Closed boboppie closed 10 years ago
TODO create an URL - human.intermine.org
installed bioseg
TODO - Need a human identifier resolver to include ncbi, ensembl and hgnc, then resolve any id to ncbi id.
The human id resolver will miss some/many transcripts (mRNA, etc.) from ensembl since there is no equivalent entities in NCBI/HGNC (different gene models). e.g. ENST00000000233 (http://www.ensembl.org/Homo_sapiens/Transcript/Summary?g=ENSG00000004059;r=7:127228399-127231759;t=ENST00000000233), the gene (ENSG00000004059) has another 5 transcripts products, but only ENST00000000233 has a CCDS id (CCDS34745), this is also the case in HGNC (http://www.genenames.org/data/hgnc_data.php?hgnc_id=658), only this transcript can be resolved by CCDS id (not 100% match), 5 ensembl entities will be lost.

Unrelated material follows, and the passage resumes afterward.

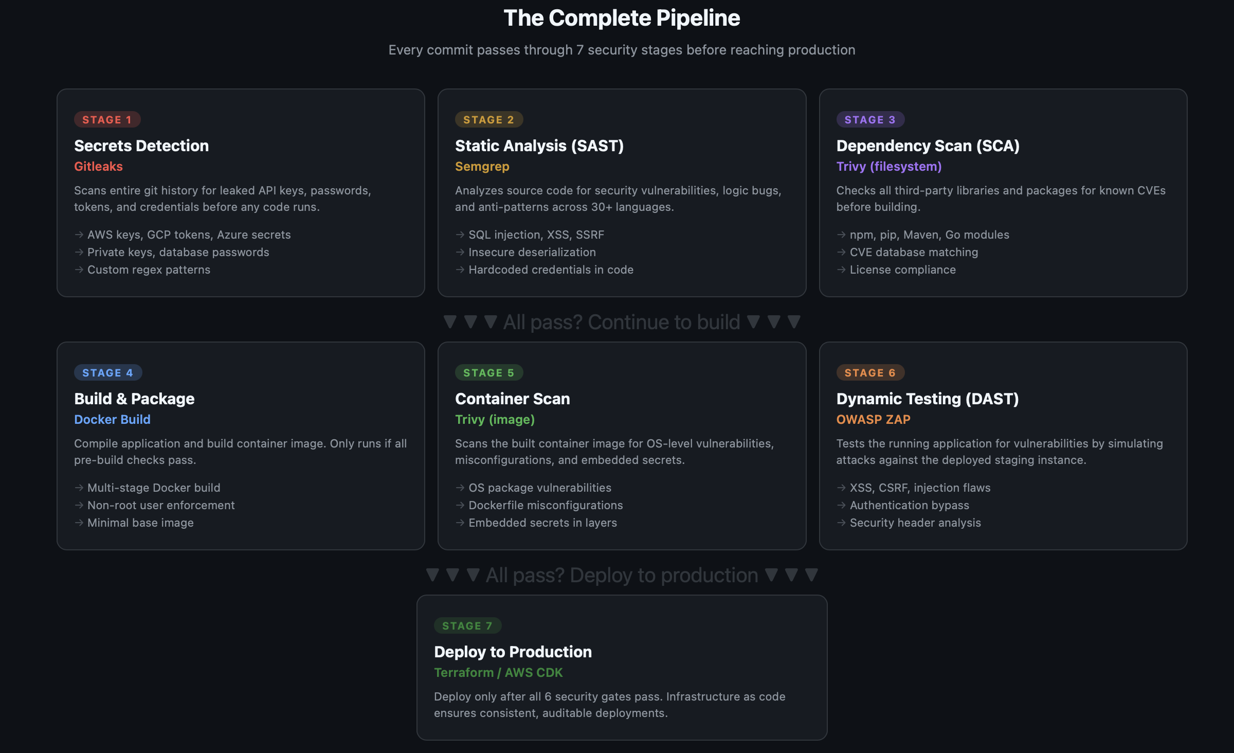 7 stages. 5 open-source tools. Every commit scanned for secrets, vulnerabilities, and misconfigurations before it touches production. Here's the complete blueprint — fork the workflow and deploy it today.

exons/CDSs don't have ids/names in genbank, but ensembl has internal ids for them. How to resolve? Discard?
ncbi-summary resolves Entrez ids to HGNC symbols which causes loss of 134 genes (mostly microRNAs), e.g. http://www.ncbi.nlm.nih.gov/gene/100526648
The gene id is ENSG00000198888, in protein-atlas, we set "gene" as default SOTerm, but ensembl-human uses a different one:
Set ensembl-human a higher priority.